Hacker News new | ask | show | jobs
by rectang 636 days ago
To what extent does reading these formats accurately require the execution of code within the documents? In other words, not just stuff like zip expansion by a library dependency of rga, but for example macros inside office documents or JavaScript inside PDFs.

Note: I have no reason to believe such code execution is actually happening — so please don't take this as FUD. My assumption is that a secure design would involve running only external code and thus would sacrifice a small amount of accuracy, possibly negligible.

3 comments

Also note that it's not necessarily safe to read these documents even if you don't intend on executing embedded code. For example, reading from pdfs uses poppler, which has had a few CVEs that could result in arbitrary code execution, mostly around image decoding. https://cve.mitre.org/cgi-bin/cvekey.cgi?keyword=poppler

(No shade to poppler intended, just the first tool on the list I looked at.)

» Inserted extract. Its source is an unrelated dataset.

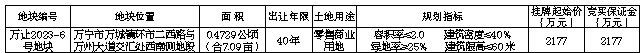二、竞买人资格及竞买要求:(一)竞买人资格:本次挂牌活动凡属中华人民共和国境内外的法人、自然人和其他组织(除法律另有规定者外)均可申请参加挂牌。属境外机构和个人(含港、澳、台地区)申请参与竞买的,按照规定需提交商务主管部门核发的《外商投资企业批准证书》和市场监督管理部门核发的《营业执照》。本次挂牌不接受联合竞买。失信被执行人不得参加本次项目竞买。(二)竞买要求:1.凡在万宁市境内已取得建设用地使用权且造成土地闲置的,或者拖欠土地出让金未缴的,均不具备竞买人条件。2.竞买人需在签订《成交确认书》后与万宁市商务局签订《海南省产业项目发展和用地准入协议》,并严格按照《海南省产业项目发展和用地准入协议》约定内容进行开发建设,否则将承担相关违约责任。三、本次国有建设用地使用权挂牌出让设有底价,按照出价最高且不低于底价的原则确定竞得人。四、竞买咨询及报名期限:本次挂牌出让的详细信息和具体要求,见挂牌出让手册及其他相关文件。手册和文件可从海南省建设用地使用权和矿业权网上交易系统(以下简称网上交易系统,网址:http://lr.hainan.gov.cn:9002)查看和打印。竞买人持CA数字证书实名登录网上交易系统进行相关操作,系统注册及证书办理详见《海南省建设用地使用权和矿业权网上交易系统用户手册》。挂牌出让文件所载内容亦为本公告的组成部分。本次国有建设用地使用权实行网上挂牌出让,有意向的竞买人可登录网上交易系统提交竞买申请,按要求上传竞买申请文件。竞买保证金缴纳截止时间:2023年6月7日17:00(以银行系统记录到账时间为准)。 竞买申请时间:2023年5月9日08:30至2023年6月7日17:00(以网上交易系统服务器时间为准,下同)。五、资格确认:经审查,申请人按规定交纳竞买保证金,具备申请条件的,我局将在2023年6月7日17:30前确认其竞买资格,网上交易系统自动发放《竞买资格确认书》。六、挂牌报价时间及地点:网上挂牌时间:起始时间:2023年5月30日08:30;截止时间:2023年6月9日09:30。网上挂牌地点:海南省建设用地使用权和矿业权网上交易系统(网址:http://lr.hainan.gov.cn:9002)。 网上挂牌报价时间截止时,无竞买人报价,挂牌活动自动结束;有竞买人报价,网上交易系统限时5分钟在线询问,有竞买人在此规定时限内表示愿意参与网上限时竞价的,系统自动进入网上限时竞价程序,以竞价方式确定竞得人。七、开发建设要求:(一)该地块已经达到下列净地条件:安置补偿落实到位,土地权利清晰;不存在土壤污染,符合土壤环境质量要求;确认通水、通电、通路等,具备动工开发必需的条件;无法律经济纠纷。(二)经查询全国污染地块土壤环境管理系统,该地块不在系统污染或疑似污染地块范围内。用地如涉及压覆重要矿产及位于地质灾害易发区,在该地块内进行项目建设依法需办理建设项目压覆矿产资源审批手续及地质灾害危险性评估的,应按规定办理相关手续。(三)土地出让控制指标:旅馆用地投资强度指标应为≥300万元/亩,年度产值指标应为≥450万元/亩,年度税收指标应为≥12万元/亩。该控制指标参照《海南省自然资源和规划厅 海南省发展和改革委员会 海南省农业农村厅 海南省工业和信息化厅 海南省商务厅 海南省财政厅 国家税务总局海南省税务局关于印发<海南省产业用地控制指标>的通知》(琼自然资用〔2023〕12号)文件确定。项目达产时间为签订《国有建设用地使用权出让合同》后的3年内。以上出让指标列入《海南省产业项目发展和用地准入协议》,属该协议内容的组成部分。(四)该宗地须按照我省商业、办公类建设项目管理要求进行开发建设,不得兴建“类住宅”项目,不得采用住宅套型设计,套内建筑不得设置独立厨房、卫生间、排水排烟等设施,具体按照《海南省自然资源和规划厅 海南省住房和城乡建设厅 海南省市场监督管理局关于加强商业、办公类建设项目全过程管理的意见》(琼自然资规〔2021〕12号)执行。(五)装配式建造方式应按照《海南省住房和城乡建设厅 海南省发展和改革委员会 海南省自然资源和规划厅 海南省市场监督管理局 海南省工业和信息化厅关于进一步稳步推进装配式建筑有关事项的通知》(琼建科函〔2021〕155号)等文件要求执行。八、其他需要公告的事项:(一)本次挂牌出让活动采取线上进行,不接受电话、信函、邮寄、电子邮件及口头竞买申请。(二)按照《海南省自然资源和规划厅关于海南省土地交易市场竞买保证金可使用银行保函的通知》(琼自然资规〔2022〕7 号)要求,竞买人可使用银行保函方式缴纳竞买保证金,保函应为不可撤销、见索即付保函,保函担保金额应不少于全额土地竞买保证金,保函的保证期限应当自保函开立之日起至招标拍卖挂牌交易活动结束后不少于60日,保函需在保证金交纳截止时间前2个工作日内送达我局。(三)受理时间:08:30~12:00,14:00~17:30(节假日除外)。(四)本次挂牌出让事项如有变更,届时以变更公告为准。(五)上述所有时间均为北京时间。九、咨询方式:联系地址:万宁市万城镇望海大道南侧万宁市自然资源和规划局;咨询电话:0898-62217899;联 系 人:梁先生;查询网址:http://zw.hainan.gov.cn/ggzy/;http://lr.hainan.gov.cn;http://www.landchina.com。

Couldn't or shouldn't each parser be run in a container with systemd-nspawn or LXC or another container runtime? (Even if all it's doing is reading a file format into process space as NX data not code as the current user)
NX bit: https://en.wikipedia.org/wiki/NX_bit

Executable-space protection > Limitations mentions JITs and ROP: https://en.wikipedia.org/wiki/Executable-space_protection

mprotect(), VirtualAlloc[Ex] and VirtualProtect[Ex],

"NX bit: does it protect the stack?" https://security.stackexchange.com/questions/47807/nx-bit-do...

That's a qualitatively different kind of security topic, though. On the one hand, we have a bug in a tool that reads a passive format with complete accuracy. On the other we have the need to sacrifice some amount of accuracy to avoid executing embedded code in a dynamic file format.
this is why i do like to try and parse shit myself for my own tools, not that thats without risk but i dont share my.code so its untargeted. however, to support a wide variety like this the tools are ok. most code honestly in a pdf will not target pdftotext , i think. i think it would target the thing people open pdfs with like browsers and maybe a few readers like adobe and foxit reader. pdftotext seems more like an 'academic target', like a nice exersize but not very fruitful in an actual attack. i might be wrong tho.
Citation indexes are the devil and Google is hell. Try as you might to avoid it but you're already on an index. Security through obscurity isn't secure or obscure in this modern age. https://www.tandfonline.com/doi/full/10.1080/03054985.2024.2...
None of them really execute "code". Pandoc has a pretty good write up of the security implications or running it, which I think applies just as much to the other ones, with the added caveat of zip bombs.

https://pandoc.org/MANUAL.html#a-note-on-security

It's just text, this isn't ripgrepping through your excel macros, just the data that's actually in the excel file.

I don't think there's a default excel adapter in rga.

(I wanted one somewhat recently, and then doing a find for xls on the linked page returns 0 results)

You are correct that rga doesn't ship with an Excel adapter out of the box. I have an open PR [1] to allow users to process XLS and XLSX files like any other Zip archive.

[1]: https://github.com/phiresky/ripgrep-all/pull/247

On average, the macros in an Office document add features to the software and aren't run to render any content. So like toggling a group of settings or inserting some content or whatever. They may change the content, but it's done at a point in time by the user, not each time the document is opened.

And then, on average, most users don't use macros in their documents.

So yes, negligible.